Supplied material
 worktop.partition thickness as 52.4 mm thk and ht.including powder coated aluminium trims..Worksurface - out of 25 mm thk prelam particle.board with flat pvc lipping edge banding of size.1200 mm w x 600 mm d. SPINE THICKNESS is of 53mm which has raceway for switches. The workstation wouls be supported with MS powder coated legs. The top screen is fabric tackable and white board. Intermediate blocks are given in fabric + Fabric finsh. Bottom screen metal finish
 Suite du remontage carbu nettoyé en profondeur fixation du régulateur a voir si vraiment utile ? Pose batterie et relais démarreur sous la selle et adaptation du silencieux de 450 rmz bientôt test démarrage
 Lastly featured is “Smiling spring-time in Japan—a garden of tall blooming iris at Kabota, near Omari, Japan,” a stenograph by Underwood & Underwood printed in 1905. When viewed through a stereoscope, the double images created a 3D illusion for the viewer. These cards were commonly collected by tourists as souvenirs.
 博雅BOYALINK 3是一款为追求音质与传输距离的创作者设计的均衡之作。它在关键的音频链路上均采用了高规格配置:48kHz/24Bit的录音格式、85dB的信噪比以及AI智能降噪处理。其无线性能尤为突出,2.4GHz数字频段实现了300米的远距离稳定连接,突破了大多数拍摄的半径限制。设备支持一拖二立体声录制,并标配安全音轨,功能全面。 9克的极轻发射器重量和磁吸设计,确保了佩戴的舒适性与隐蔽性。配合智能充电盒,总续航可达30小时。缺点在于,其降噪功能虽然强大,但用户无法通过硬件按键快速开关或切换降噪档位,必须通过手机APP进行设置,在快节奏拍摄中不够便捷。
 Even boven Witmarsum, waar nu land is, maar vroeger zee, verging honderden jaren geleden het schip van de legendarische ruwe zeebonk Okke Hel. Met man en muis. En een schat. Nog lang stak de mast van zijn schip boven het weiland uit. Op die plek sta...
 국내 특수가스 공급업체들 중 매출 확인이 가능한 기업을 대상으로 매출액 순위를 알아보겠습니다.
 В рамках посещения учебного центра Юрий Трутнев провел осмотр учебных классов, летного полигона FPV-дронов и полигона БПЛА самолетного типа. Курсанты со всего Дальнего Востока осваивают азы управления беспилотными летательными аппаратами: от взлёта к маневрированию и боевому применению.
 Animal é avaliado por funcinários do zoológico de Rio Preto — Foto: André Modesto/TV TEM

...

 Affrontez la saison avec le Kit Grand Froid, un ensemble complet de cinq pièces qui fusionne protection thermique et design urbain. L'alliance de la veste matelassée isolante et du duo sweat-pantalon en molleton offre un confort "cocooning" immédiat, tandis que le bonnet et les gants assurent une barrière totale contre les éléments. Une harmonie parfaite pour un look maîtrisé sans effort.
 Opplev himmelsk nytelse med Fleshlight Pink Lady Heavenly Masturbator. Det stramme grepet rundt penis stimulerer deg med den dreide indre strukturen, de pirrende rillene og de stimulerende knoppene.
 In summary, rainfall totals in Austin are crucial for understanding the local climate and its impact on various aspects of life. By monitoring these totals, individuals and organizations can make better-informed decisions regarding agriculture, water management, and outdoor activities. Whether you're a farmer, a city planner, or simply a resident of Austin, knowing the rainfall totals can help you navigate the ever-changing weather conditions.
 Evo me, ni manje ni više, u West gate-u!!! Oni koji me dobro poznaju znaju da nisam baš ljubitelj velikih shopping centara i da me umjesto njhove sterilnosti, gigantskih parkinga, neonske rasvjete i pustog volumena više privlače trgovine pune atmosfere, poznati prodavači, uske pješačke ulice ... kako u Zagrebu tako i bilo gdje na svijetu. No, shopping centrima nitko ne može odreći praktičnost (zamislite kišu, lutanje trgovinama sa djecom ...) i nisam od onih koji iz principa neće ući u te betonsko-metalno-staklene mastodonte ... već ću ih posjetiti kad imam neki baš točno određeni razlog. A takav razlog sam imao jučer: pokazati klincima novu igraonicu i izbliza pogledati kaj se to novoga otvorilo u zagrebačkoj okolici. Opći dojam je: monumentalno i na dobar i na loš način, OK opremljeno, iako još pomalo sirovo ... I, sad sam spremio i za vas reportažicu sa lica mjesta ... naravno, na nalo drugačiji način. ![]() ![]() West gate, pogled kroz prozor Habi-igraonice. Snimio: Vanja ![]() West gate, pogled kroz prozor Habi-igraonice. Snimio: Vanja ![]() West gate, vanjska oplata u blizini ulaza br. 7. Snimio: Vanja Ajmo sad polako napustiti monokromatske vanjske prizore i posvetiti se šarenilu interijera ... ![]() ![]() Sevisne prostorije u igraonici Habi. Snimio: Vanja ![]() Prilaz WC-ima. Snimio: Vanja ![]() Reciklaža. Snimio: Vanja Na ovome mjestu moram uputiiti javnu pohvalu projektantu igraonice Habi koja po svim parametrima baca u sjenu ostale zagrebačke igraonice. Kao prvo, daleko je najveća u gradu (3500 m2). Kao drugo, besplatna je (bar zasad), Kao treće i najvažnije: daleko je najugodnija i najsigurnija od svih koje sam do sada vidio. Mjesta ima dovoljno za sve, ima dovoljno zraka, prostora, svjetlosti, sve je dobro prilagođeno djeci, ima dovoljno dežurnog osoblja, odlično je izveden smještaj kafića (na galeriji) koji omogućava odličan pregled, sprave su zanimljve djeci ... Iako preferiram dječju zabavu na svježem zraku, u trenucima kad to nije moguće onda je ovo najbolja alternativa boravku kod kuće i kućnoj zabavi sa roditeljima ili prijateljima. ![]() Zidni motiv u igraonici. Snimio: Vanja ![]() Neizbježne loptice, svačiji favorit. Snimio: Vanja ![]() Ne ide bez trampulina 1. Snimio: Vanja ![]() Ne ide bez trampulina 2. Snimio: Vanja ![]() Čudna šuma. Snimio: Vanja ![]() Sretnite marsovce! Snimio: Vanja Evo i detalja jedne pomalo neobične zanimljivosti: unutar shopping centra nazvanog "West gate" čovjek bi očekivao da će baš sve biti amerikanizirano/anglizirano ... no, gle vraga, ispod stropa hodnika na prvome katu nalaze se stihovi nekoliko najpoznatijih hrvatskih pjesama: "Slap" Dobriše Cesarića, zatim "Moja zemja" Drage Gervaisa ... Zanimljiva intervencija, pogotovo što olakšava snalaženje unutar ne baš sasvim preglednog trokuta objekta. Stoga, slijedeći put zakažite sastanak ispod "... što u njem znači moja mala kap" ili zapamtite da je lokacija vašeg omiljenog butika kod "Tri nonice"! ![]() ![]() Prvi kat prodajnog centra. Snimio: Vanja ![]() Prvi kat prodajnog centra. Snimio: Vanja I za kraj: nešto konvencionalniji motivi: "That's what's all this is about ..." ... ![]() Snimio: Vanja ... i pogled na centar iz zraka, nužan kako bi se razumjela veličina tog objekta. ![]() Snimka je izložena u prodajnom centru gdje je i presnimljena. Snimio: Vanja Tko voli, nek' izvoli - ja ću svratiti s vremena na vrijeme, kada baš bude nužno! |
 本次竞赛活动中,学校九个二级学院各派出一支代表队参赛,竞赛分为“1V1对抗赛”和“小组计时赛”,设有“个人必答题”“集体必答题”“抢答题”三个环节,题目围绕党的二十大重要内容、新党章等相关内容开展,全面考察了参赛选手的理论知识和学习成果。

Task instructions
The output should be exactly the lines above from the line containing "В рамках посещения" to the line containing "Animal é avaliado", inclusive, with no other lines.

Answer below
 В рамках посещения учебного центра Юрий Трутнев провел осмотр учебных классов, летного полигона FPV-дронов и полигона БПЛА самолетного типа. Курсанты со всего Дальнего Востока осваивают азы управления беспилотными летательными аппаратами: от взлёта к маневрированию и боевому применению.
 Animal é avaliado por funcinários do zoológico de Rio Preto — Foto: André Modesto/TV TEM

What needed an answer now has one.